For information about on-demand inference pricing, see Amazon Bedrock pricing. You can deploy a custom model for on-demand inference in the following Regions (for more information about Regions supported in Amazon Bedrock, see Amazon Bedrock endpoints and quotas):

  • US East (N. Virginia)

  • US West (Oregon)

Prerequisites for deploying a custom model for on-demand inference

Before you can deploy a custom model for on-demand inference, make sure you meet the following requirements:

  • You must use the US East (N. Virginia) or US West (Oregon) region.

  • You must customize the model on or after 7/16/2025. For supported models, see Supported base models.

  • Your account must have permission to access the model that you are deploying. For more information about model customization access and security, see Model customization access and security.

  • If the model is encrypted with a AWS KMS key, you must have permission to use that key. For more information, see Encryption of custom models.

Supported base models

You can set up on-demand inference for the following base models:

  • Amazon Nova Lite

  • Amazon Nova Micro

  • Amazon Nova Pro

  • Meta Llama 3.3 70B Instruct

Deploy a custom model

You can deploy a custom model with the Amazon Bedrock console, AWS Command Line Interface, or AWS SDKs. For information about using the deployment for inference, see Use a deployment for on-demand inference.

Console

You deploy a custom model from the Custom models page as follows. You can also deploy a model from the Custom model on-demand page with the same fields. To find this page, under Infer in the navigation pane, choose Custom model on-demand.

To deploy a custom model
  1. Sign in to the AWS Management Console with an IAM identity that has permissions to use the Amazon Bedrock console.
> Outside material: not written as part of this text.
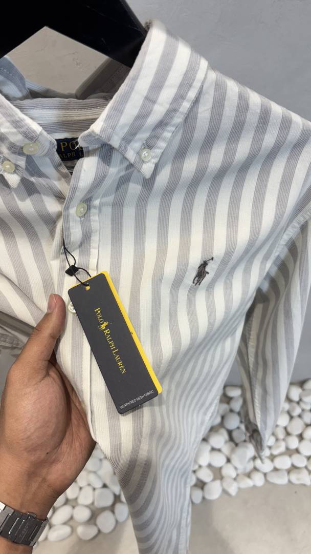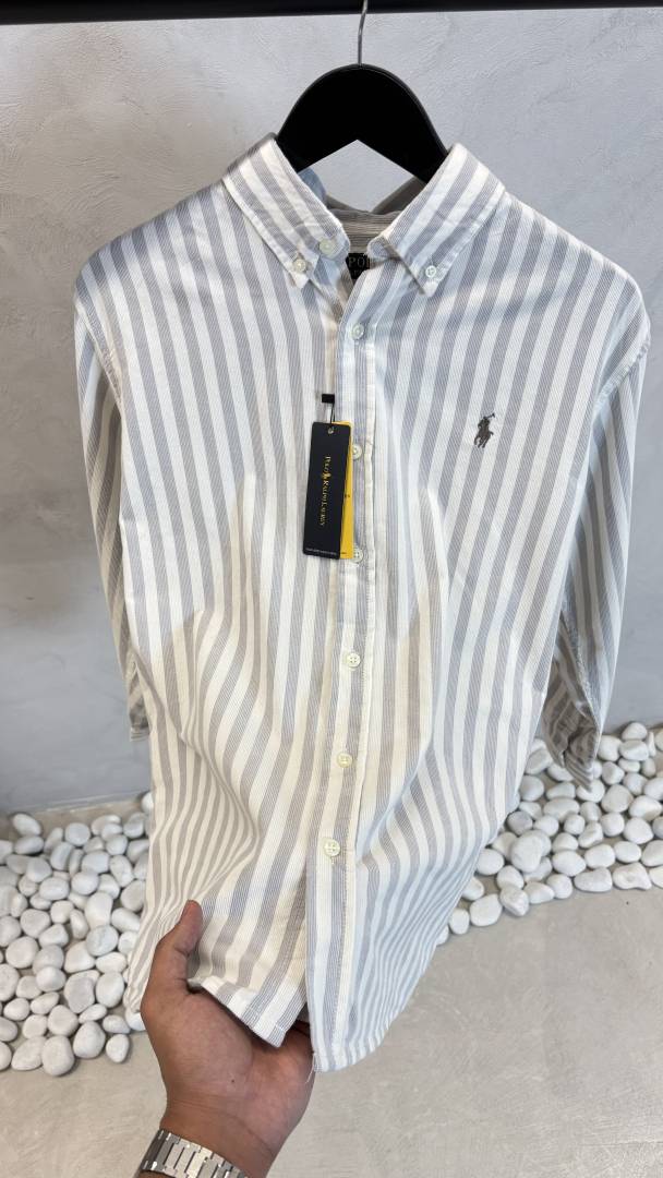 Ralph Laure_n Polo Grey & White Striped Shirt 1017
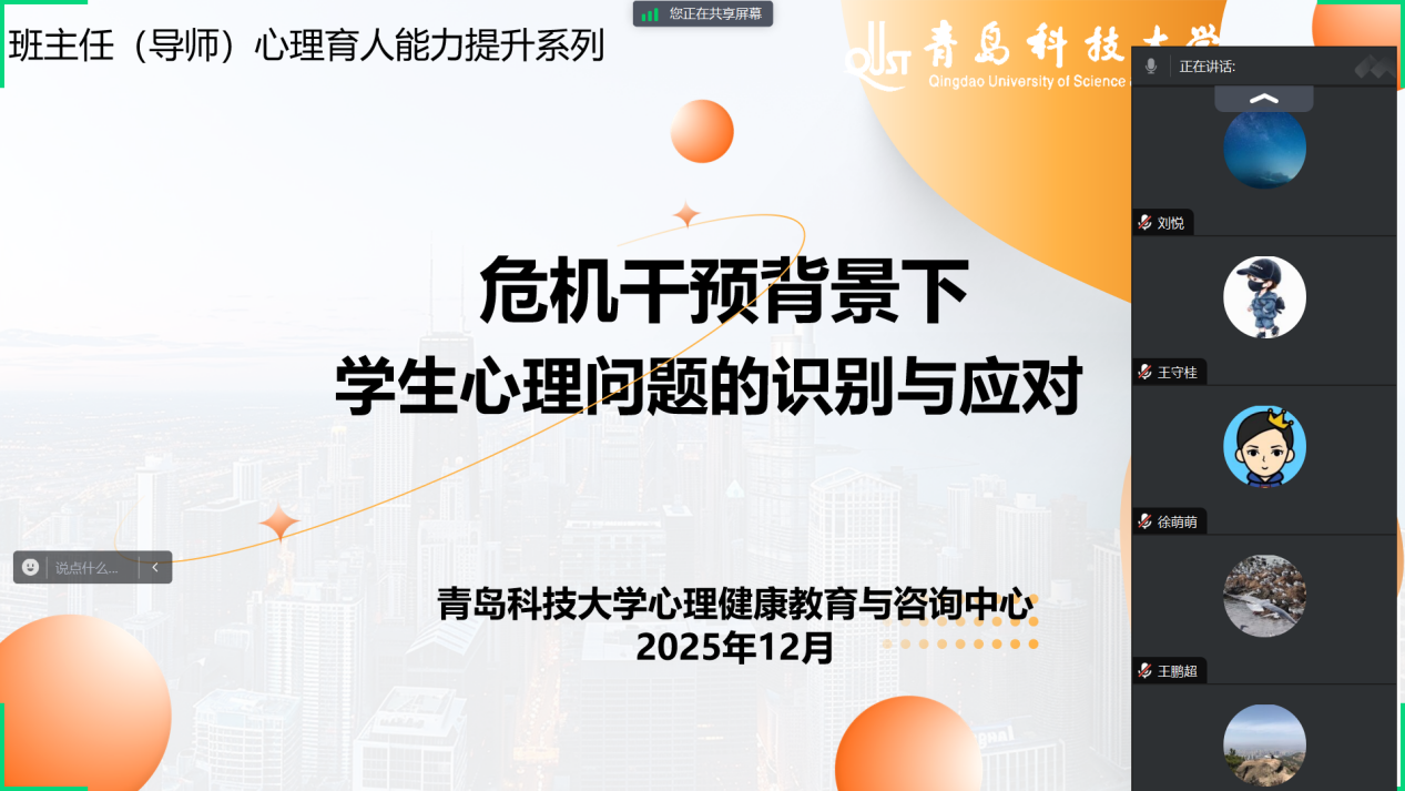 培训围绕“危机干预背景下:学生心理问题的识别与应对”这一主题,紧扣高校心理健康教育工作的关键难点。主讲人结合真实案例,系统剖析了大学生常见心理问题的成因与表现形式,重点讲解了从学习状态、情绪变化、行为表现和生活作息四个维度识别心理异常信号的实用方法。

Then, open the Amazon Bedrock console at https://eusc-de-east-1.console.amazonaws-eusc.eu/bedrock.

  2. From the left navigation pane, choose Custom models under Tune.

  3. In the Models tab, choose the radio button for the model you want to deploy.

  4. Choose Set up inference and choose Deploy for on-demand.

  5. In Deployment details, provide the following information:

    • Deployment Name (required) – Enter a unique name for your deployment.

    • Description (optional) – Enter a description for your deployment.

    • Tags (optional) – Add tags for cost allocation and resource management.

  6. Choose Create. When the deployment's status is Active, your custom model is ready for on-demand inference. For more information about using the custom model, see Use a deployment for on-demand inference.

CLI

To deploy a custom model for on-demand inference using the AWS Command Line Interface, use the create-custom-model-deployment command with your custom model's Amazon Resource Name (ARN). This command uses the CreateCustomModelDeployment API operation. The response includes the deployment's ARN. When the deployment is active, you use this ARN as the modelId when making inference requests. For information about using the deployment for inference, see Use a deployment for on-demand inference.

aws bedrock create-custom-model-deployment \ --model-deployment-name "Unique name" \ --model-arn "Custom Model ARN" \ --description "Deployment description" \ --tags '[ { "key": "Environment", "value": "Production" }, { "key": "Team", "value": "ML-Engineering" }, { "key": "Project", "value": "CustomerSupport" } ]' \ --client-request-token "unique-deployment-token" \ --region region
API

To deploy a custom model for on-demand inference, use the CreateCustomModelDeployment API operation with your custom model's Amazon Resource Name (ARN). The response includes the deployment's ARN. When the deployment is active, you use this ARN as the modelId when making inference requests. For information about using the deployment for inference, see Use a deployment for on-demand inference.

The following code shows how to use the SDK for Python (Boto3) to deploy a custom model.

def create_custom_model_deployment(bedrock_client): """Create a custom model deployment Args: bedrock_client: A boto3 Amazon Bedrock client for making API calls Returns: str: The ARN of the new custom model deployment Raises: Exception: If there is an error creating the deployment """ try: response = bedrock_client.create_custom_model_deployment( modelDeploymentName="Unique deployment name", modelArn="Custom Model ARN", description="Deployment description", tags=[ {'key': 'Environment', 'value': 'Production'}, {'key': 'Team', 'value': 'ML-Engineering'}, {'key': 'Project', 'value': 'CustomerSupport'} ], clientRequestToken=f"deployment-{uuid.uuid4()}" ) deployment_arn = response['customModelDeploymentArn'] print(f"Deployment created: {deployment_arn}") return deployment_arn except Exception as e: print(f"Error creating deployment: {str(e)}") raise

Use a deployment for on-demand inference

After you deploy your custom model, you use the deployment's Amazon Resource Name (ARN) as the modelId parameter when you submit prompts and generate responses with model inference.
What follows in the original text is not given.